A careful reading of these cases militates against any broad generalisations. Certainly it would be preposterous to suggest that a string of poor results for Claimants is evidence of any judicial tendency. If a single theme can be identified in these cases it is the obvious care and authority with which those trial judges identify and analyse the issues in dispute.
These cases demonstrate almost textbook examples of experts departing from their duty to the court, CPR 35.3 and “The Ikarian Reefer”  2 Lloyd’s Rep 68. So,
- Loss of impartiality, straying into advocacy for the claimant (Sardar);
- An expert giving evidence on a specialism not within his area of expertise (Sardar);
- Failure to take full and proper account of the factual evidence (Sardar; Aspinall; Nyang);
- Failure of an expert to answer questions directly and being evasive (Ali Shah);
- Changes or apparent changes of opinion by an expert can fatally undermine the claim (Ali Shah, Jones v Portsmouth);
- Failure to take into account developments in medical literature or relying on otherwise outmoded thinking (Sardar).

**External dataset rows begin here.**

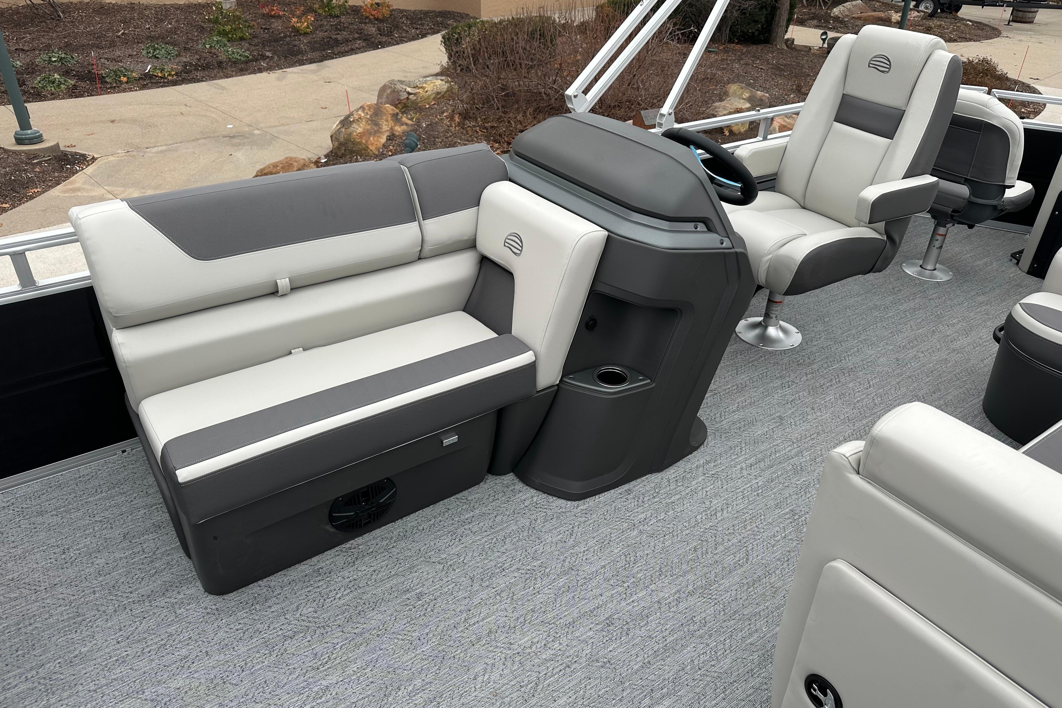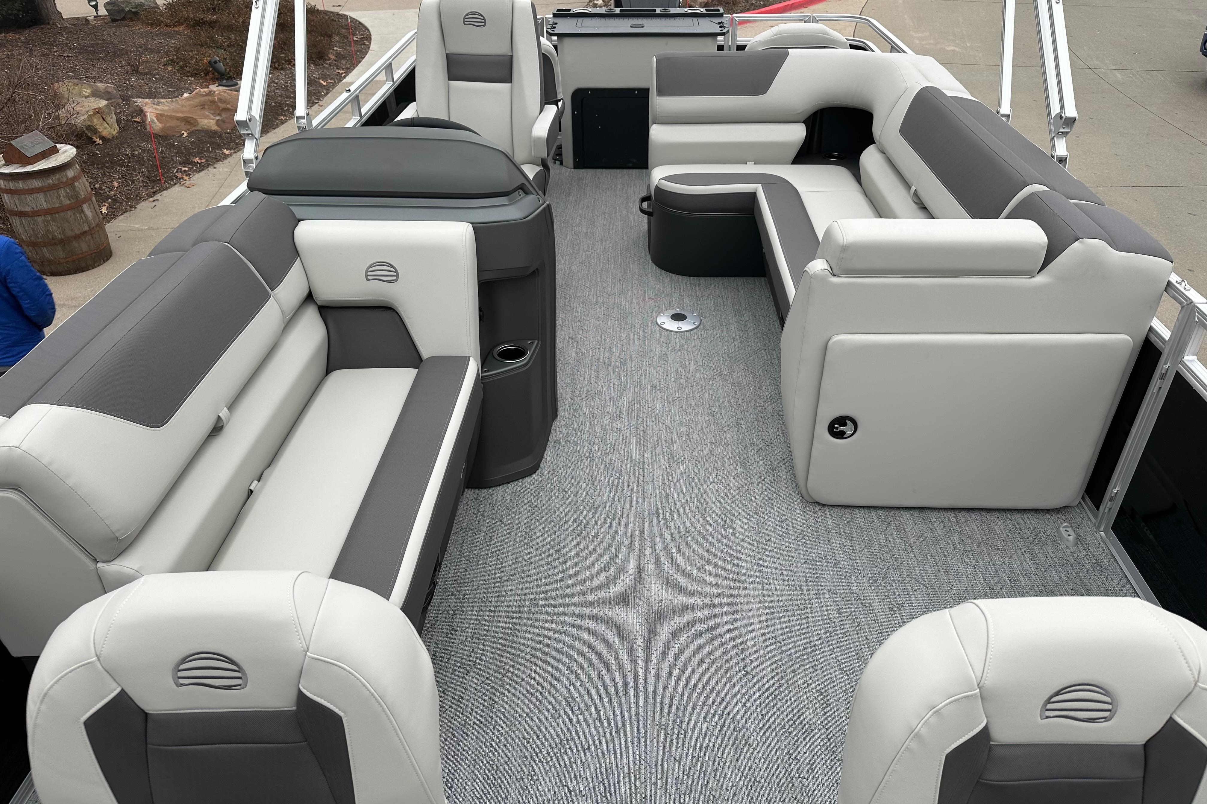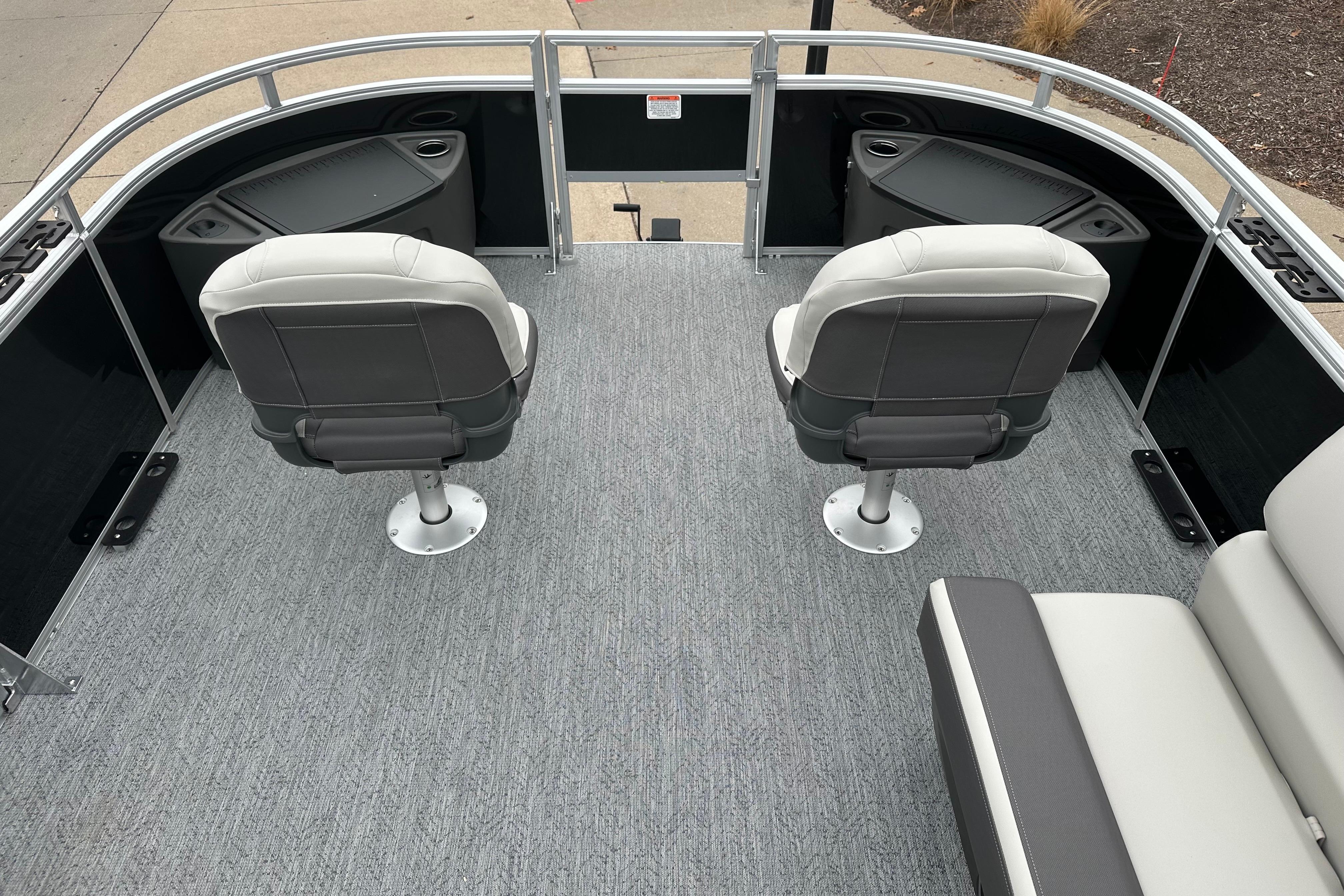 Captains can control it all with the SUN TRACKER FLARE™ touch-screen gauge display. Set up the 10' bimini top, grab your rod out of the lockable rod box, and post up in one of the two fishing decks—each of which sports a 16-gal. aerated livewell—and two swiveling fishing chairs next to rod and tool holders. The dual lounges or aft bench with hidden storage are ready for relaxation. The lounges’ all-new open section in the backrest increases accessible storage and even has extra cupholders. 2026 also brings a wider, ergonomic boarding ladder.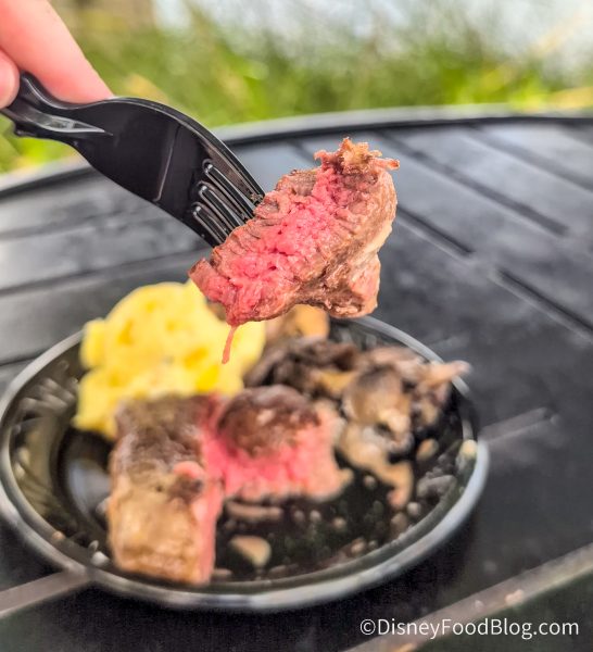 The fragrance wafting from the Canada Booth is enough to draw in many guests, and that’s thanks in no small part to the Filet Mignon. It’s plated with mushrooms and Boursin Garlic & Fine Herbs mashed potatoes, and is finished with Boursin Garlic & Fine Herbs butter for $10 (a slight increase from last year’s $9.75, but still a solid use of a Dining Plan Snack Credit).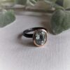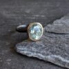This beautiful ring, created from oxidised  hand formed silver, has a stunning pale green amethyst set in an 18ct gold gum nut setting .

These cases perhaps reinforce a point which will be familiar to most clinical negligence practitioners which does not necessarily lose force by repetition which is the problematic interface of the duty owed by an expert witness to the court and the application of the Bolam test.
As the application of the Bolam test means that the position of the Defendant’s expert is to defend a reasonable view, a claimant’s expert may strain to articulate a contrary view in language compatible with that test. So, for example, no judge could be satisfied that praying in aid the hypothetical conduct of the “good” or “wise” or “cautious” professional was consistent with Bolam (Ali Shah).

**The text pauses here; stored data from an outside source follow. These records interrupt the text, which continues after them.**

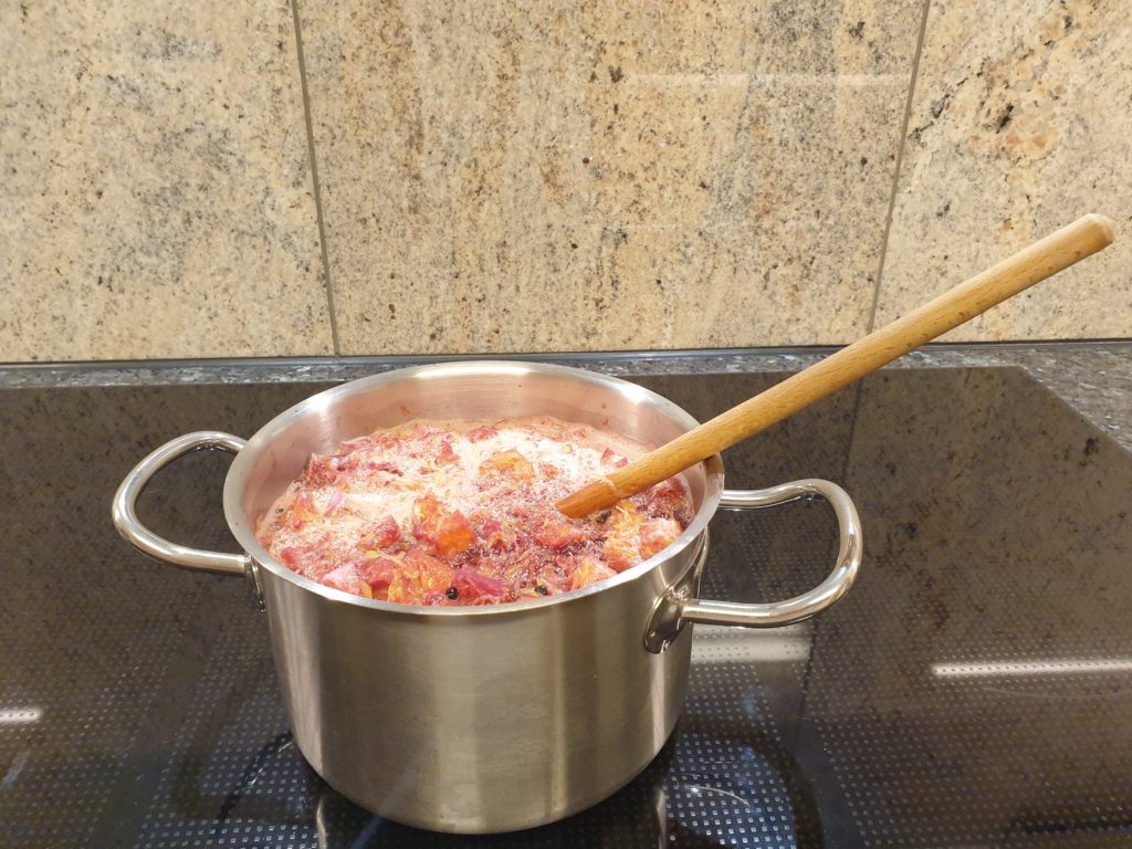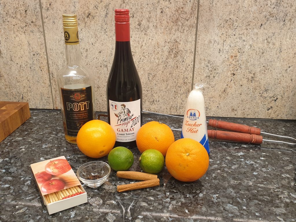Orangen und Limetten schälen und in kleine Stücke schneiden und zusammen mit dem Wein und den Gewürzen in einen Topf geben und erwärmen.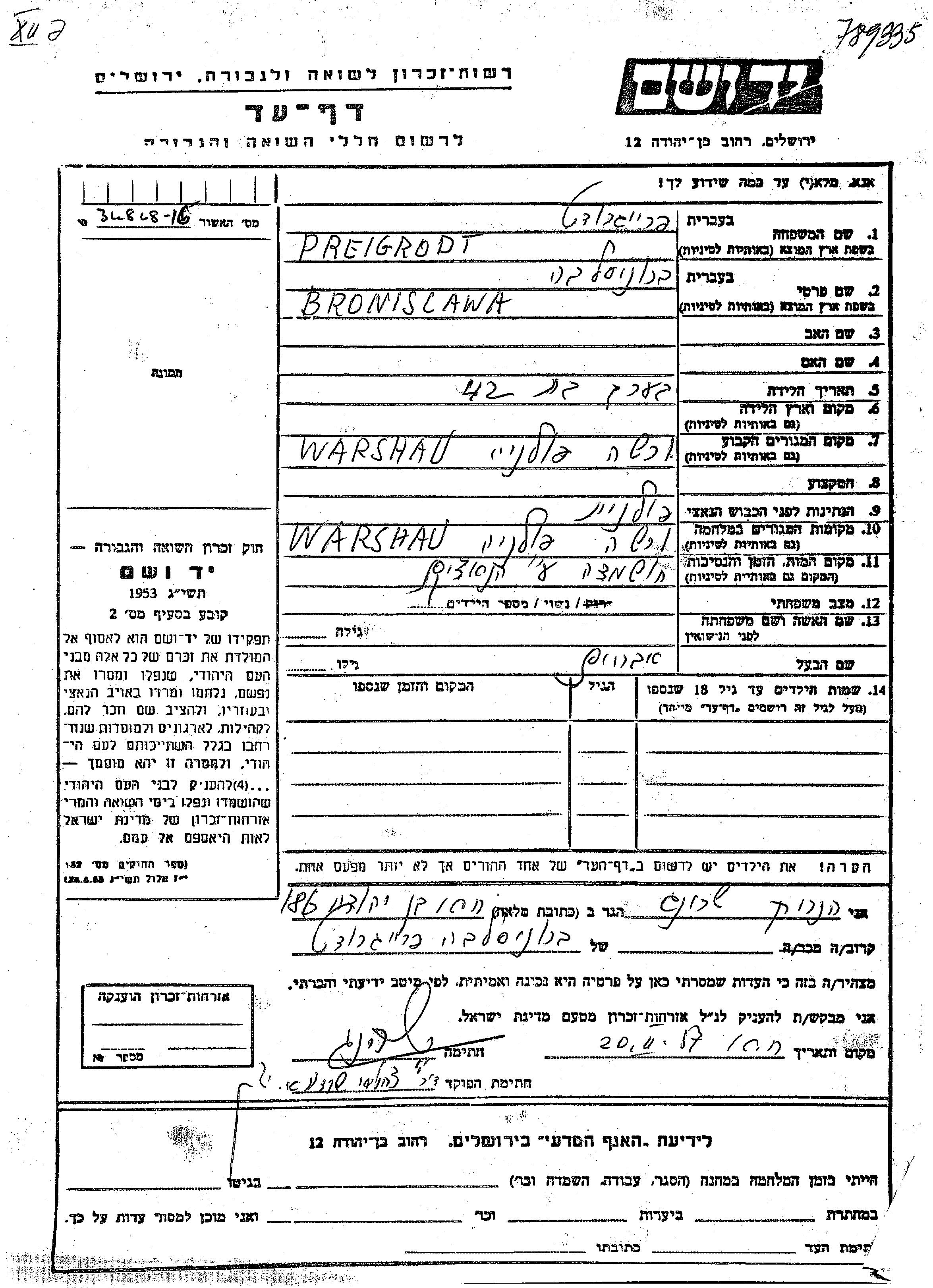 Bronislawa Preigrodt. היא היתה נשואה לאבריים. לפני מלחמת העולם השניה התגוררה בVarsha שבפולין. בזמן המלחמה היא היתה בVarsha שבפולין.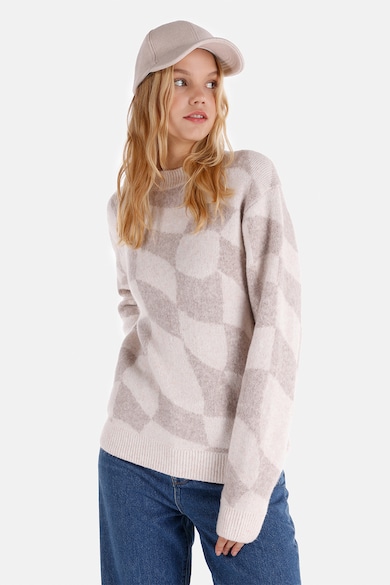 Pulover cu decolteu la baza gatului si model abstract

In C v Cumbria the judge praised the claimant’s experts for their evidence but found that they had set the bar of reasonableness too high, adopting a highly cautious approach. If a case hangs on the relatively narrow ground of what is reasonable it is vital that experts are able to give cogent and compelling explanation as to why the actions of a medical practitioner do not comply with Bolam as well as having a clear and demonstrable understanding of how the test applies. The failure to do this means not only the loss of the case, but a finding that the expert has departed from his or her duty to the court.
Martyn McLeish is the author of the chapter of Duty of Care in Lewis & Buchan, Clinical Negligence: A Practical Guide (7th Edition)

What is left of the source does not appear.